Using the records that follow, reproduce exactly the lines starting at the line containing "Промпт #2: Close-up" and ending at the line containing "de tuin staan.". Include both end lines and no pictures.
:: SOURCE INFORMATION
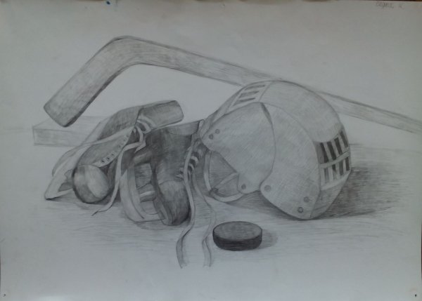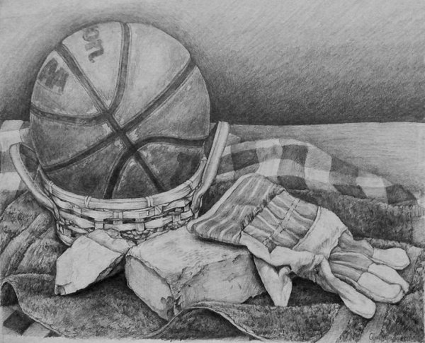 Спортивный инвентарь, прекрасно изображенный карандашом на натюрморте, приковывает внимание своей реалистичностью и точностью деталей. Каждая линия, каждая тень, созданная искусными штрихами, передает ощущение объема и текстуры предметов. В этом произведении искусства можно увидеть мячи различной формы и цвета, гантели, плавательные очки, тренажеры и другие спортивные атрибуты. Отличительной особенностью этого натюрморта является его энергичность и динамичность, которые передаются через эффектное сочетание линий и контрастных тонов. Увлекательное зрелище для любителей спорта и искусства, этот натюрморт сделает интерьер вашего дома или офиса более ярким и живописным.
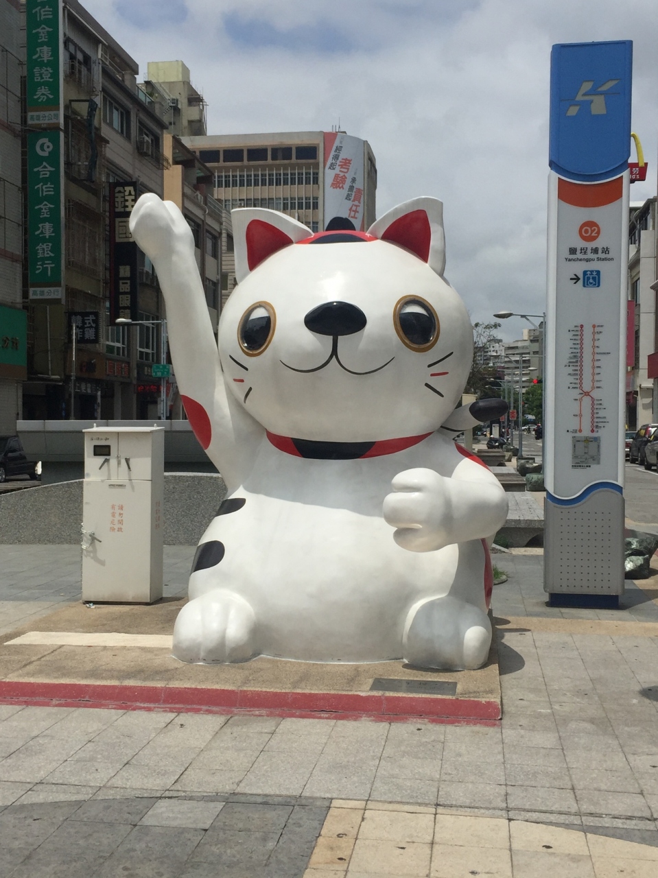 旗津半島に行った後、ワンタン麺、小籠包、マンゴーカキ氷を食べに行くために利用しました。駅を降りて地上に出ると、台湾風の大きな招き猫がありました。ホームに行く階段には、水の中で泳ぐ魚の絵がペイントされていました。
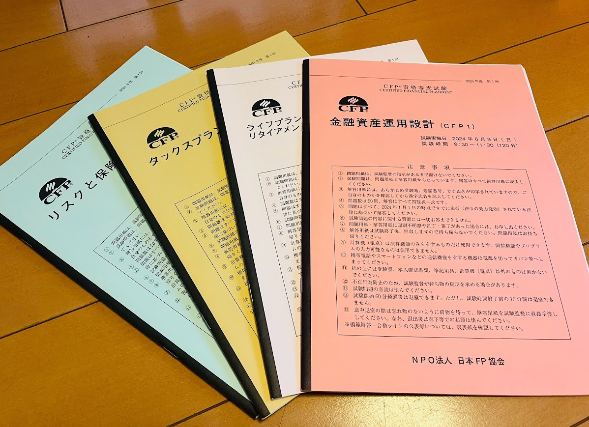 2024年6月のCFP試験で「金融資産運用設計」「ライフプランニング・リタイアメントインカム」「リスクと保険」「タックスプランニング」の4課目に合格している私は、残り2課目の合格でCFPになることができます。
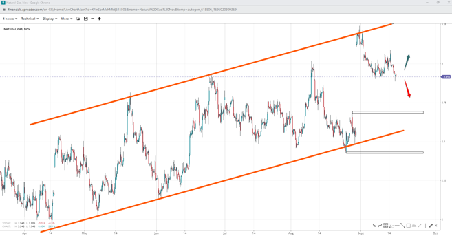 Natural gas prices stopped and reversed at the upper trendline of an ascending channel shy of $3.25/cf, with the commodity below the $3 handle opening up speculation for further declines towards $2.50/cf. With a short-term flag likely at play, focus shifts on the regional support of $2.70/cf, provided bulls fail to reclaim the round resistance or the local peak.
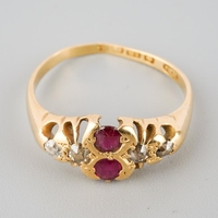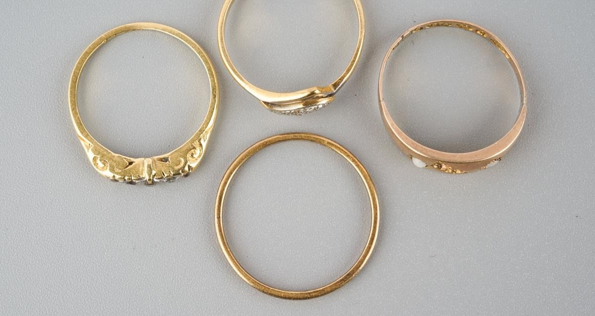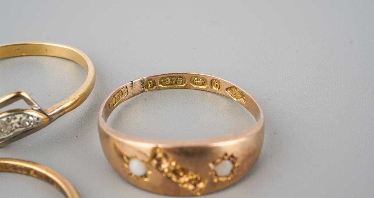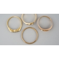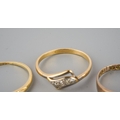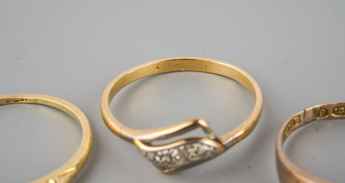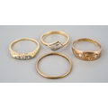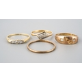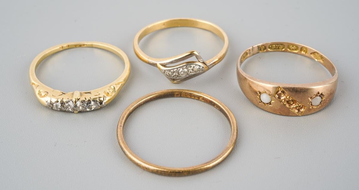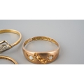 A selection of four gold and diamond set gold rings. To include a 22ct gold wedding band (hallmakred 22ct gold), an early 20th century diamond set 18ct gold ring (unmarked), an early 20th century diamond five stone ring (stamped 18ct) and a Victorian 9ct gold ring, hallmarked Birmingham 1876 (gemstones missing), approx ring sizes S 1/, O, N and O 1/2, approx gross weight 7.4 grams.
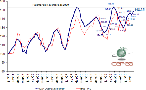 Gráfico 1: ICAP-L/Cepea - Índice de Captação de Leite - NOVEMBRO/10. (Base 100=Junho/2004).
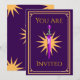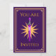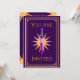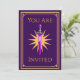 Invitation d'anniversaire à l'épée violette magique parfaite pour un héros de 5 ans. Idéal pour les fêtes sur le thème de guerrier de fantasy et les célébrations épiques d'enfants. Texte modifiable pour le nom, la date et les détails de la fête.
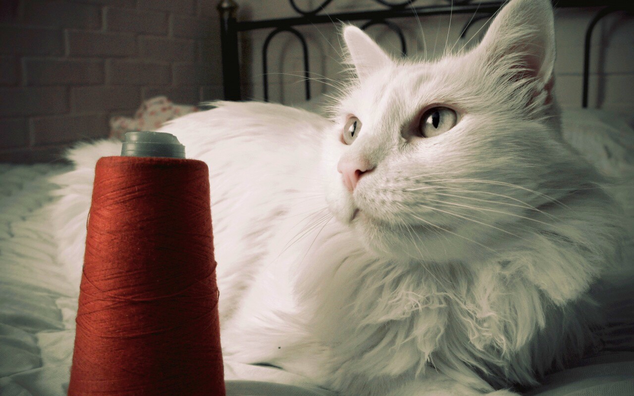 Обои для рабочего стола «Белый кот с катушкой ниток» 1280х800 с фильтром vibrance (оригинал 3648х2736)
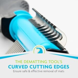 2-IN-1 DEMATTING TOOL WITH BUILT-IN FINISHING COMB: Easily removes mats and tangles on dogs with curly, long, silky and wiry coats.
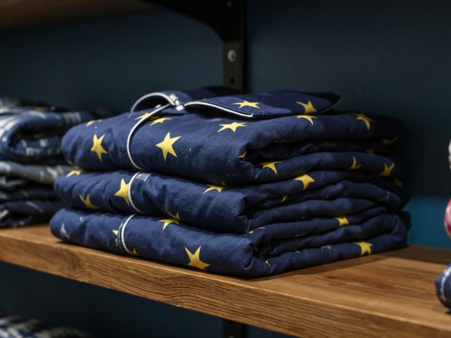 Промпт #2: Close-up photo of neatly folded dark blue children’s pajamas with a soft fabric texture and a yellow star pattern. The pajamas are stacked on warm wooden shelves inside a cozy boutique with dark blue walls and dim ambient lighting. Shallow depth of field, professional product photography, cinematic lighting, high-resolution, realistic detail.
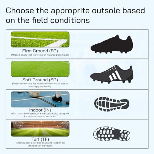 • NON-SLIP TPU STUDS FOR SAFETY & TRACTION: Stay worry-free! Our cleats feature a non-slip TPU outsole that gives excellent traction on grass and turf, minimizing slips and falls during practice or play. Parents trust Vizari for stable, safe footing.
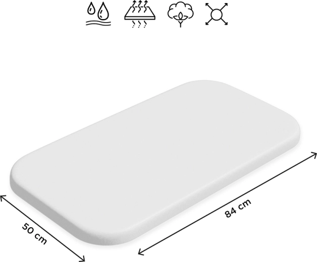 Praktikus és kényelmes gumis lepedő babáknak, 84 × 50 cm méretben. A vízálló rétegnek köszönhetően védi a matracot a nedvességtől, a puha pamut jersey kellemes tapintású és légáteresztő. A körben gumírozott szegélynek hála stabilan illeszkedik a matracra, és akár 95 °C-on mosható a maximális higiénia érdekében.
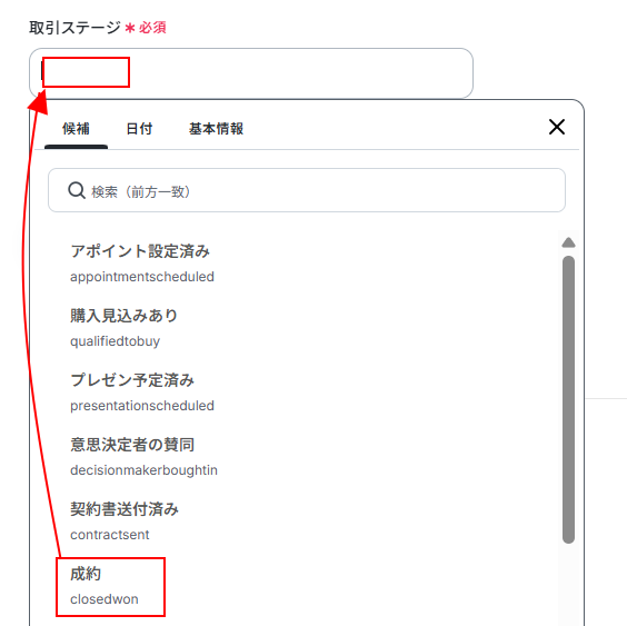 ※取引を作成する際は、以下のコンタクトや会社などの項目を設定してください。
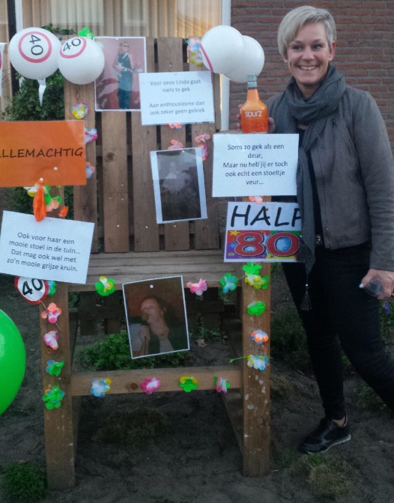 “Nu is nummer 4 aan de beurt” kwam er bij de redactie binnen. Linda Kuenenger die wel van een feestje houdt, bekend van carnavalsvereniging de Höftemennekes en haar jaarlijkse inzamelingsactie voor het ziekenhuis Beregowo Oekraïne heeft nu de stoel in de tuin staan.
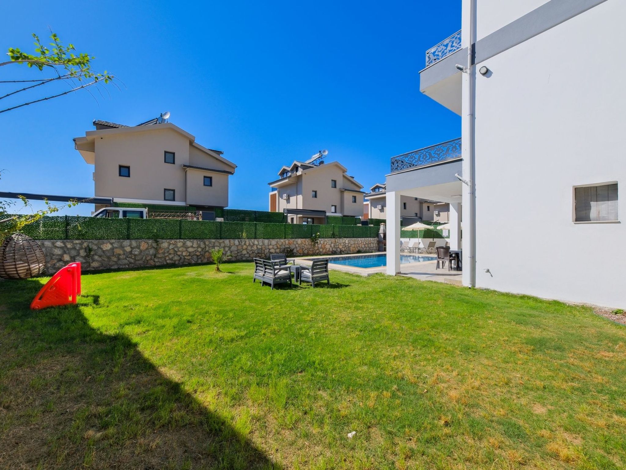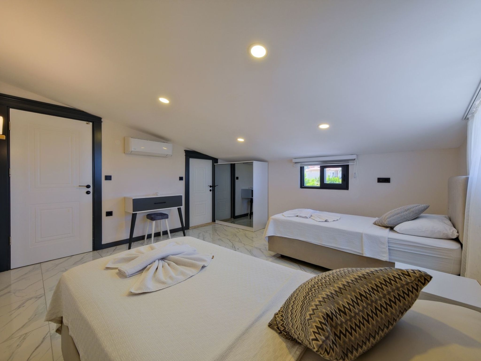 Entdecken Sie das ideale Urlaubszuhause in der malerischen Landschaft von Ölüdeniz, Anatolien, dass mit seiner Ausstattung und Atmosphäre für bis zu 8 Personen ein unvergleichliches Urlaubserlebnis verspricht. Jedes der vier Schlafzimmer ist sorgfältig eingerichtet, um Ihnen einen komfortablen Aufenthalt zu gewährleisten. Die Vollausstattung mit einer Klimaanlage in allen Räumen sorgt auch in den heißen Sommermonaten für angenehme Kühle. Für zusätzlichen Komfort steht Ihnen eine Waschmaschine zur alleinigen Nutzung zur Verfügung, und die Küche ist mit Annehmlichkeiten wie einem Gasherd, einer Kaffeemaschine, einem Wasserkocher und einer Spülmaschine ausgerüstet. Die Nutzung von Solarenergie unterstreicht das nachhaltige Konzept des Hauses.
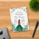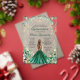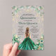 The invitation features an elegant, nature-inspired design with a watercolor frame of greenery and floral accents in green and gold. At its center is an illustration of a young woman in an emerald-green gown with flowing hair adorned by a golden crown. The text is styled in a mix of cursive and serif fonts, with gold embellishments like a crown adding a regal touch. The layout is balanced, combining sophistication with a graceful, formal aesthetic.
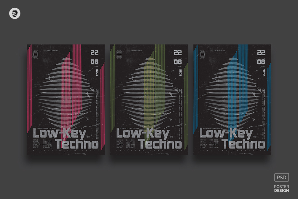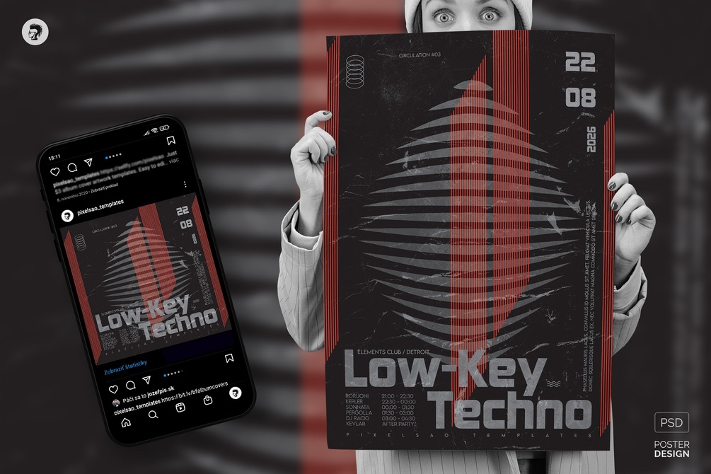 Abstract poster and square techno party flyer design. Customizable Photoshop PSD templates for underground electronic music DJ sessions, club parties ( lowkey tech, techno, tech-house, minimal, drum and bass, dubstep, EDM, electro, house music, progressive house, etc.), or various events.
::::
_RESULT:_
 Промпт #2: Close-up photo of neatly folded dark blue children’s pajamas with a soft fabric texture and a yellow star pattern. The pajamas are stacked on warm wooden shelves inside a cozy boutique with dark blue walls and dim ambient lighting. Shallow depth of field, professional product photography, cinematic lighting, high-resolution, realistic detail.
 • NON-SLIP TPU STUDS FOR SAFETY & TRACTION: Stay worry-free! Our cleats feature a non-slip TPU outsole that gives excellent traction on grass and turf, minimizing slips and falls during practice or play. Parents trust Vizari for stable, safe footing.
 Praktikus és kényelmes gumis lepedő babáknak, 84 × 50 cm méretben. A vízálló rétegnek köszönhetően védi a matracot a nedvességtől, a puha pamut jersey kellemes tapintású és légáteresztő. A körben gumírozott szegélynek hála stabilan illeszkedik a matracra, és akár 95 °C-on mosható a maximális higiénia érdekében.
 ※取引を作成する際は、以下のコンタクトや会社などの項目を設定してください。
 “Nu is nummer 4 aan de beurt” kwam er bij de redactie binnen. Linda Kuenenger die wel van een feestje houdt, bekend van carnavalsvereniging de Höftemennekes en haar jaarlijkse inzamelingsactie voor het ziekenhuis Beregowo Oekraïne heeft nu de stoel in de tuin staan.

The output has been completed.